What you need to do:
Without the pictures, copy the entries below word for word.

══ The data ══

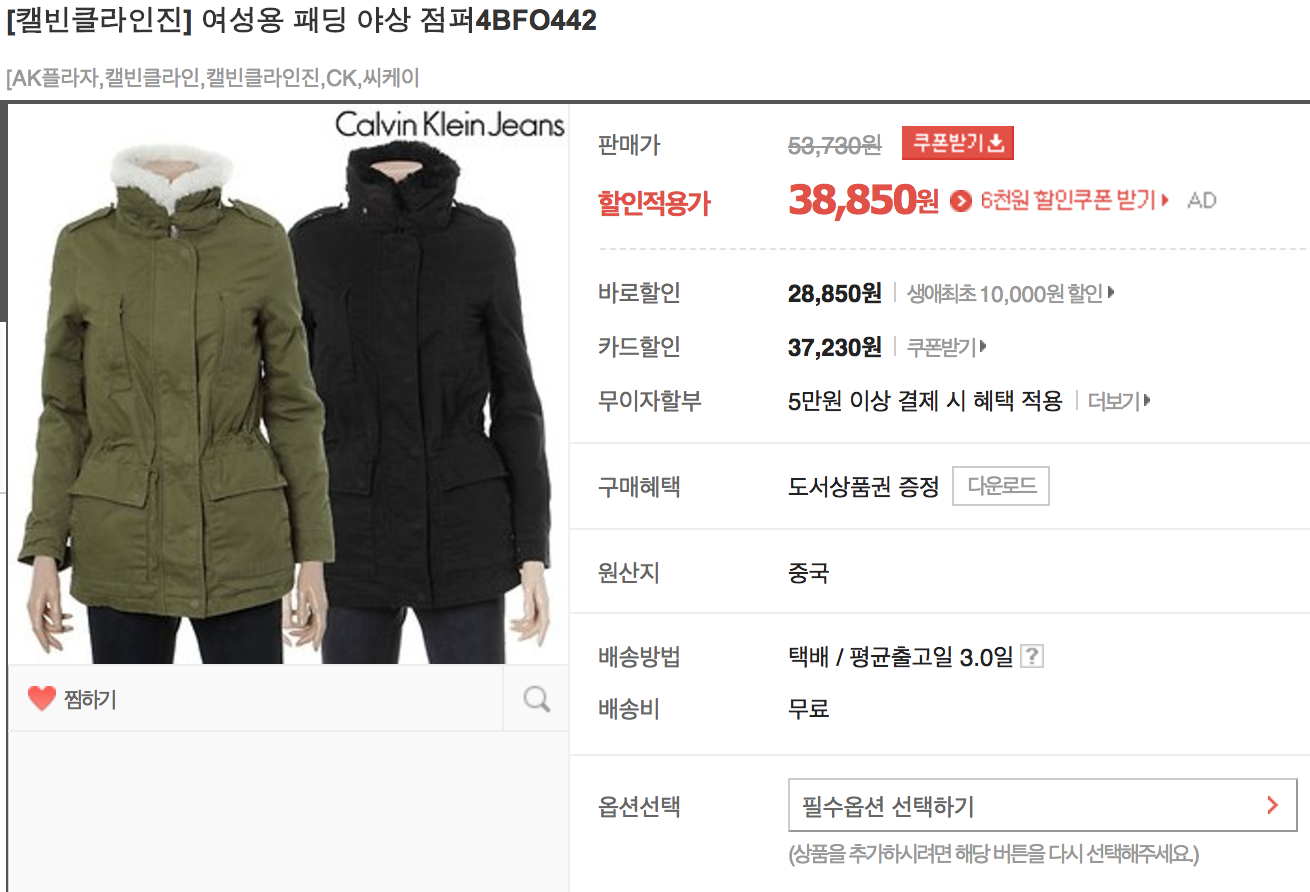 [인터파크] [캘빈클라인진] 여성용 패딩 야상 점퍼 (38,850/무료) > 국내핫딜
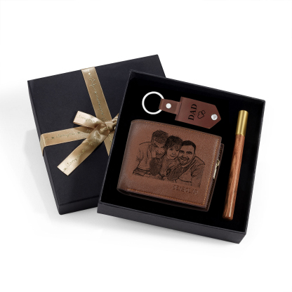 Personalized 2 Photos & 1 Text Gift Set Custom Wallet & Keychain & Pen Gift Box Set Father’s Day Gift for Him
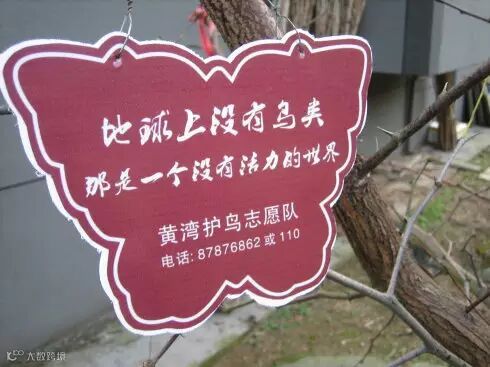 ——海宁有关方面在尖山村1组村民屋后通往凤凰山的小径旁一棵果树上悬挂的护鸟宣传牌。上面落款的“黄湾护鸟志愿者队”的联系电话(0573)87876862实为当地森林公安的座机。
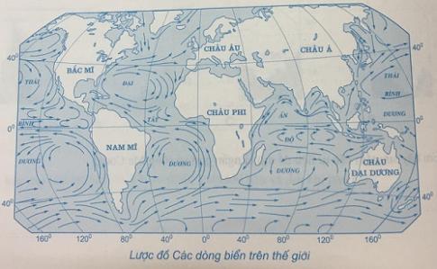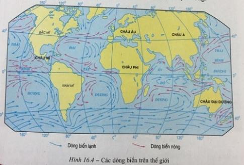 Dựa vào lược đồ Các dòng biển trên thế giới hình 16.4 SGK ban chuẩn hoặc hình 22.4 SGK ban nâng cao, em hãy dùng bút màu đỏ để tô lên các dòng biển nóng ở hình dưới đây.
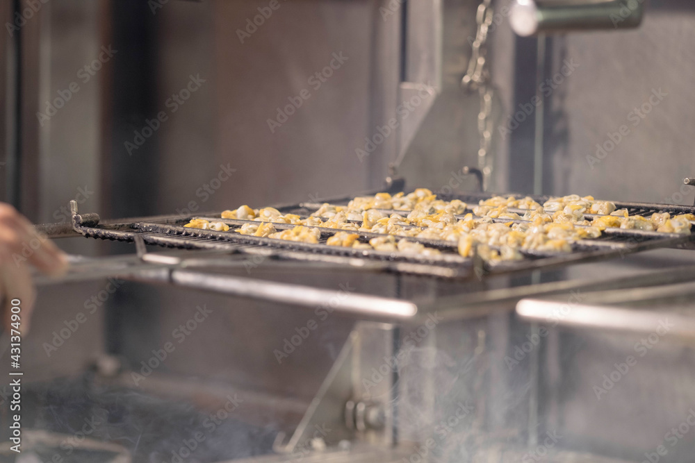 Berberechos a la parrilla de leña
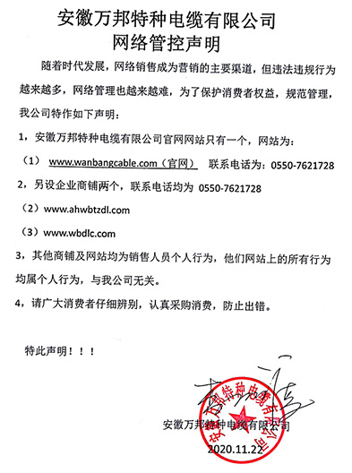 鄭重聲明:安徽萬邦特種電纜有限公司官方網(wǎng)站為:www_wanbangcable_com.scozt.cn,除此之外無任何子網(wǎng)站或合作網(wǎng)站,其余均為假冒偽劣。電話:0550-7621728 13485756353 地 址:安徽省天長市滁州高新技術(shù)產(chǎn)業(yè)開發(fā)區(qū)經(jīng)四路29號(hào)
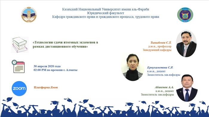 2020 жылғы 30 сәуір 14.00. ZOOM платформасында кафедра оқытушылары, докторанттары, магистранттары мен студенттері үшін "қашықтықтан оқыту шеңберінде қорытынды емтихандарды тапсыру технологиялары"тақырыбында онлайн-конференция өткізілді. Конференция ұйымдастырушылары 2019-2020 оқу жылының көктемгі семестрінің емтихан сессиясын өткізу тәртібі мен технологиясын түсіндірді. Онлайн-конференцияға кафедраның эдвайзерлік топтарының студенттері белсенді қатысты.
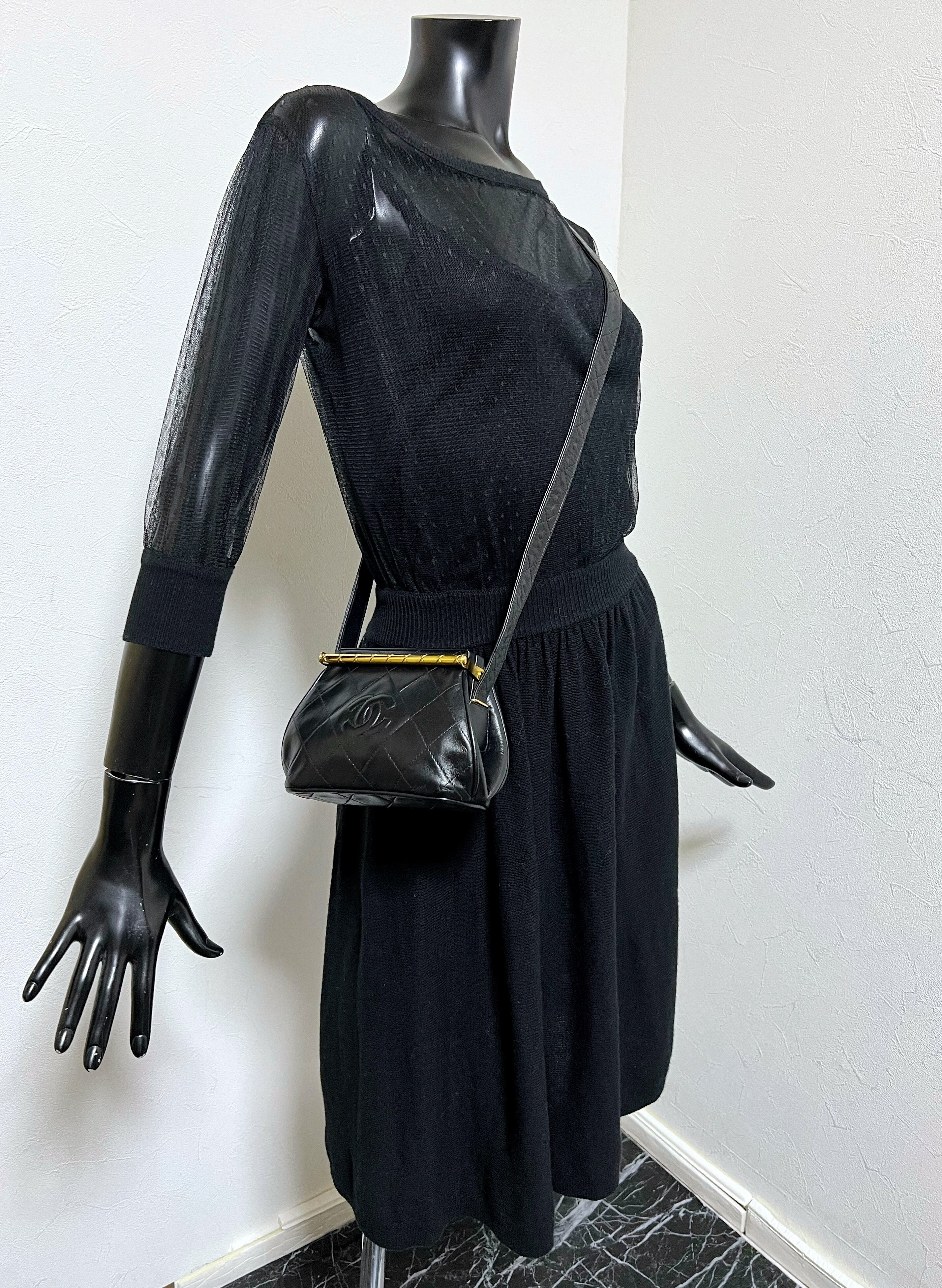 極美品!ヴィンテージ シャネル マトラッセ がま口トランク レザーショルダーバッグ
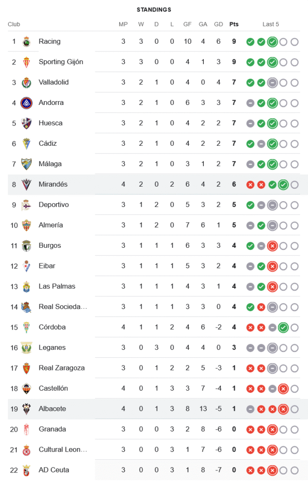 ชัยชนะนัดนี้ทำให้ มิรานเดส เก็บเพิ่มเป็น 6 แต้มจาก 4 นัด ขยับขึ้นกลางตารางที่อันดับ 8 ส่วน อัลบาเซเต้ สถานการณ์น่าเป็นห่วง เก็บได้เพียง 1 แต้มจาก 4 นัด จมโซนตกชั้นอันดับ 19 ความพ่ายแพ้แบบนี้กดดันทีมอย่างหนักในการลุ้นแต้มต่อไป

═══

Answer space:
 [인터파크] [캘빈클라인진] 여성용 패딩 야상 점퍼 (38,850/무료) > 국내핫딜
 Personalized 2 Photos & 1 Text Gift Set Custom Wallet & Keychain & Pen Gift Box Set Father’s Day Gift for Him
 ——海宁有关方面在尖山村1组村民屋后通往凤凰山的小径旁一棵果树上悬挂的护鸟宣传牌。上面落款的“黄湾护鸟志愿者队”的联系电话(0573)87876862实为当地森林公安的座机。
 Dựa vào lược đồ Các dòng biển trên thế giới hình 16.4 SGK ban chuẩn hoặc hình 22.4 SGK ban nâng cao, em hãy dùng bút màu đỏ để tô lên các dòng biển nóng ở hình dưới đây.
 Berberechos a la parrilla de leña
 鄭重聲明:安徽萬邦特種電纜有限公司官方網(wǎng)站為:www_wanbangcable_com.scozt.cn,除此之外無任何子網(wǎng)站或合作網(wǎng)站,其余均為假冒偽劣。電話:0550-7621728 13485756353 地 址:安徽省天長市滁州高新技術(shù)產(chǎn)業(yè)開發(fā)區(qū)經(jīng)四路29號(hào)
 2020 жылғы 30 сәуір 14.00. ZOOM платформасында кафедра оқытушылары, докторанттары, магистранттары мен студенттері үшін "қашықтықтан оқыту шеңберінде қорытынды емтихандарды тапсыру технологиялары"тақырыбында онлайн-конференция өткізілді. Конференция ұйымдастырушылары 2019-2020 оқу жылының көктемгі семестрінің емтихан сессиясын өткізу тәртібі мен технологиясын түсіндірді. Онлайн-конференцияға кафедраның эдвайзерлік топтарының студенттері белсенді қатысты.
 極美品!ヴィンテージ シャネル マトラッセ がま口トランク レザーショルダーバッグ
 ชัยชนะนัดนี้ทำให้ มิรานเดส เก็บเพิ่มเป็น 6 แต้มจาก 4 นัด ขยับขึ้นกลางตารางที่อันดับ 8 ส่วน อัลบาเซเต้ สถานการณ์น่าเป็นห่วง เก็บได้เพียง 1 แต้มจาก 4 นัด จมโซนตกชั้นอันดับ 19 ความพ่ายแพ้แบบนี้กดดันทีมอย่างหนักในการลุ้นแต้มต่อไป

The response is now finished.